* [Work to complete]: Using the material below, return exactly the lines between the one holding "植えたあとは土の表面に白い石を置きました。" and the one holding "naam op sticker.", inclusive, and no others.

* [The data]:
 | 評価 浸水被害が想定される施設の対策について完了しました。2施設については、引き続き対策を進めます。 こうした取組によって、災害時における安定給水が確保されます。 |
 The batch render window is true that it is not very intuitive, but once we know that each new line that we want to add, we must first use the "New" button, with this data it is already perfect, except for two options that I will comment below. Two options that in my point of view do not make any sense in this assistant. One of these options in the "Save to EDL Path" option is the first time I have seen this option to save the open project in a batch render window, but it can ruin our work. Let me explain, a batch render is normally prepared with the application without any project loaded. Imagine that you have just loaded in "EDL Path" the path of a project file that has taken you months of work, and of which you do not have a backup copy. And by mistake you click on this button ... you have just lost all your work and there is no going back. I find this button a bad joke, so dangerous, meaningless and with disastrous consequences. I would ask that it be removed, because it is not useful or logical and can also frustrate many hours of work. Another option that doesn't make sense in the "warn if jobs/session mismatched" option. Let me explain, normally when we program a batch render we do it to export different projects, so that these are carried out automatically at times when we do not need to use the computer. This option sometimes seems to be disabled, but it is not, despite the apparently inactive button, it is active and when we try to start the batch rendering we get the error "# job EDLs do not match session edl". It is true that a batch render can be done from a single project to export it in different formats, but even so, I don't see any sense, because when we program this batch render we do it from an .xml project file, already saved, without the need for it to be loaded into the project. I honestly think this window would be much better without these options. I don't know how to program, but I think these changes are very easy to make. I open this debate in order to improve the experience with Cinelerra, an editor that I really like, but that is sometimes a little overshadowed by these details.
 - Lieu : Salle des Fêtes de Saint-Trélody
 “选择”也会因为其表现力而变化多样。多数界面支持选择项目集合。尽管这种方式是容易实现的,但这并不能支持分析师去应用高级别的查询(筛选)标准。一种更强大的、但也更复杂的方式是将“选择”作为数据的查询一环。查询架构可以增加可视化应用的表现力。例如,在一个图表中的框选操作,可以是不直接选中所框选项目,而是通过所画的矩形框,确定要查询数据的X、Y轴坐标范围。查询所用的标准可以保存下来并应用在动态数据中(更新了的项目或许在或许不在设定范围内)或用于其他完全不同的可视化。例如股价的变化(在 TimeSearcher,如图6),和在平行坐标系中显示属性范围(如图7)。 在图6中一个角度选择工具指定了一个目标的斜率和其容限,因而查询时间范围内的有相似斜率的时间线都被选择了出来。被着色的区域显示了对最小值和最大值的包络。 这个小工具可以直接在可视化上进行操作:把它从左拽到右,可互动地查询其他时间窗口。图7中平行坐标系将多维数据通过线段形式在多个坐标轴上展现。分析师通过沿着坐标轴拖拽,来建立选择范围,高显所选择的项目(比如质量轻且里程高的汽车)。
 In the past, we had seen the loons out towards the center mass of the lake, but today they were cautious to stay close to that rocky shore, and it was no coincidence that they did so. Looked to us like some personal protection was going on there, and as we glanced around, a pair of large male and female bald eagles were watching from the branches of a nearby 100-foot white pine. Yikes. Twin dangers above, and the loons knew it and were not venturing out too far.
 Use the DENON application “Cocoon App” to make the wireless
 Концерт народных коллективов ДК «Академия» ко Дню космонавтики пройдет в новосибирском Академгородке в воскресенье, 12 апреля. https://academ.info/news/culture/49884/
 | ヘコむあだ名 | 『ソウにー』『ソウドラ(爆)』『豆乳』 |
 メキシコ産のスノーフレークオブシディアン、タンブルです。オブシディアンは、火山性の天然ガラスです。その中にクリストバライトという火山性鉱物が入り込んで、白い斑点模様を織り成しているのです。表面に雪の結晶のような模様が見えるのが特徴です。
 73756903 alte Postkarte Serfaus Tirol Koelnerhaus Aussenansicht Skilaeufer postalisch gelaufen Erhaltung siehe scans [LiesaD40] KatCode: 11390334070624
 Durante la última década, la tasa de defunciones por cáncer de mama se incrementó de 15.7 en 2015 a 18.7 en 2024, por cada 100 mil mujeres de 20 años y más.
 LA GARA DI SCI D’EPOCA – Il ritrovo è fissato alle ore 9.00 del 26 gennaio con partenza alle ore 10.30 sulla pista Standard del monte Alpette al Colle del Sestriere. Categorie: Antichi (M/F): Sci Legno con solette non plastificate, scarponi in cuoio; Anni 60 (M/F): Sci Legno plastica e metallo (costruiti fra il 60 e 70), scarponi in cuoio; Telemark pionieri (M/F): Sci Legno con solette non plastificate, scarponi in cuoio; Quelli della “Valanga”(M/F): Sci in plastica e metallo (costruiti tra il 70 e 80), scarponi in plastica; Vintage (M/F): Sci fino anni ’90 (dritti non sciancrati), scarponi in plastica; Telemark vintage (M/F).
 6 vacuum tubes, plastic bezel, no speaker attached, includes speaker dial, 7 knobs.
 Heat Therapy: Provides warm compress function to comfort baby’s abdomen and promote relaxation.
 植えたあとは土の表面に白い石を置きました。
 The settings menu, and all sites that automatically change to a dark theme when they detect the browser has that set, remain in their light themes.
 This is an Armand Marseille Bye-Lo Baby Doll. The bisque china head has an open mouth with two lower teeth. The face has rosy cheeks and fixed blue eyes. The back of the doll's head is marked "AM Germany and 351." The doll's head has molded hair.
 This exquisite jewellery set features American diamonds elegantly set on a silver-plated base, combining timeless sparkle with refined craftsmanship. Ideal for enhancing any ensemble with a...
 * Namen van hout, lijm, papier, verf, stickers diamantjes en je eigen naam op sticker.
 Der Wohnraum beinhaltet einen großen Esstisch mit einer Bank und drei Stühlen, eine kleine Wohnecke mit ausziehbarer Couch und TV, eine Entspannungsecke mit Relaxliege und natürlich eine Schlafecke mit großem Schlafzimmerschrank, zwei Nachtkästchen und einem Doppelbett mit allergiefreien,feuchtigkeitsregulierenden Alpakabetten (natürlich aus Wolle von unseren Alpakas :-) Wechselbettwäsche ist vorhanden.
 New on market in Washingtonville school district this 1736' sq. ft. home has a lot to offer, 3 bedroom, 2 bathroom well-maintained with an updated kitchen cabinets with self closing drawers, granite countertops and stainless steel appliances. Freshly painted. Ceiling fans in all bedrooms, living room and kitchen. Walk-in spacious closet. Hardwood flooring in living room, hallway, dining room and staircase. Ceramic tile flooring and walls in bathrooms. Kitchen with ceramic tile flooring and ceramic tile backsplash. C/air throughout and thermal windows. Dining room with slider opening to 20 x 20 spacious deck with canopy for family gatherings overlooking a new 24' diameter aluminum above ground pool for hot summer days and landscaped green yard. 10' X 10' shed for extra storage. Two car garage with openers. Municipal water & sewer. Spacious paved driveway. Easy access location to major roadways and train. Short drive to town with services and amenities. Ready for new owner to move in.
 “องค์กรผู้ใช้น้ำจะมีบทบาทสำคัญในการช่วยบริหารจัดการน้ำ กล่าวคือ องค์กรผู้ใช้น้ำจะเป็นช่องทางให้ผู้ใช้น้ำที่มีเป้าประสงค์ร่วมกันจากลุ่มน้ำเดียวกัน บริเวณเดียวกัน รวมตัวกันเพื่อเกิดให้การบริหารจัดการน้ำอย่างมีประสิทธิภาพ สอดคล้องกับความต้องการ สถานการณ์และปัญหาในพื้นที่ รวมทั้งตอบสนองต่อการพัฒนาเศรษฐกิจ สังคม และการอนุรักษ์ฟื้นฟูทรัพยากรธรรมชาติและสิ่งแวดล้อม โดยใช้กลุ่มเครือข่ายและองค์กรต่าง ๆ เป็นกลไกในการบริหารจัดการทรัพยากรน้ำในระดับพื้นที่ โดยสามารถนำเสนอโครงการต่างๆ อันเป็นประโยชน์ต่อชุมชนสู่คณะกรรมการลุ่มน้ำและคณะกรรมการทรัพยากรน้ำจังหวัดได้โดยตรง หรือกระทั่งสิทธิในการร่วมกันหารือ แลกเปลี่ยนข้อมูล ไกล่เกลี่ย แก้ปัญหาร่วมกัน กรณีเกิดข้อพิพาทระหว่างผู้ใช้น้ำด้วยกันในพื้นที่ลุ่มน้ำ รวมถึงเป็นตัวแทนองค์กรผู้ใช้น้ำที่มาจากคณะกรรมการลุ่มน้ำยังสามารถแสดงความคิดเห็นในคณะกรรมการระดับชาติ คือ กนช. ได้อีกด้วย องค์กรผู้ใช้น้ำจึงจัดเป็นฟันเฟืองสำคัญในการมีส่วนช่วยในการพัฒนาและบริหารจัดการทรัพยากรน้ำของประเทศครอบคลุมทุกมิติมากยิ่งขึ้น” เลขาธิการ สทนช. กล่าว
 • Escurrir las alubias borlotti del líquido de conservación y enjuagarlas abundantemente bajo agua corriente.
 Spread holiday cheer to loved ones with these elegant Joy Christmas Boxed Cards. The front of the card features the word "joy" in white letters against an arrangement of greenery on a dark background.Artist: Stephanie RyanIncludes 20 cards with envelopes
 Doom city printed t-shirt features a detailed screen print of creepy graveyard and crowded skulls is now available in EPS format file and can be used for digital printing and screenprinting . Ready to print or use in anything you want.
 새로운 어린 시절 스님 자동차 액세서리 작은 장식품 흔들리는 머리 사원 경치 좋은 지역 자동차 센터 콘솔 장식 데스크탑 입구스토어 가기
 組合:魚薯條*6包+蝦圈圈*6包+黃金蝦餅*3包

* [Solution]:
 植えたあとは土の表面に白い石を置きました。
 The settings menu, and all sites that automatically change to a dark theme when they detect the browser has that set, remain in their light themes.
 This is an Armand Marseille Bye-Lo Baby Doll. The bisque china head has an open mouth with two lower teeth. The face has rosy cheeks and fixed blue eyes. The back of the doll's head is marked "AM Germany and 351." The doll's head has molded hair.
 This exquisite jewellery set features American diamonds elegantly set on a silver-plated base, combining timeless sparkle with refined craftsmanship. Ideal for enhancing any ensemble with a...
 * Namen van hout, lijm, papier, verf, stickers diamantjes en je eigen naam op sticker.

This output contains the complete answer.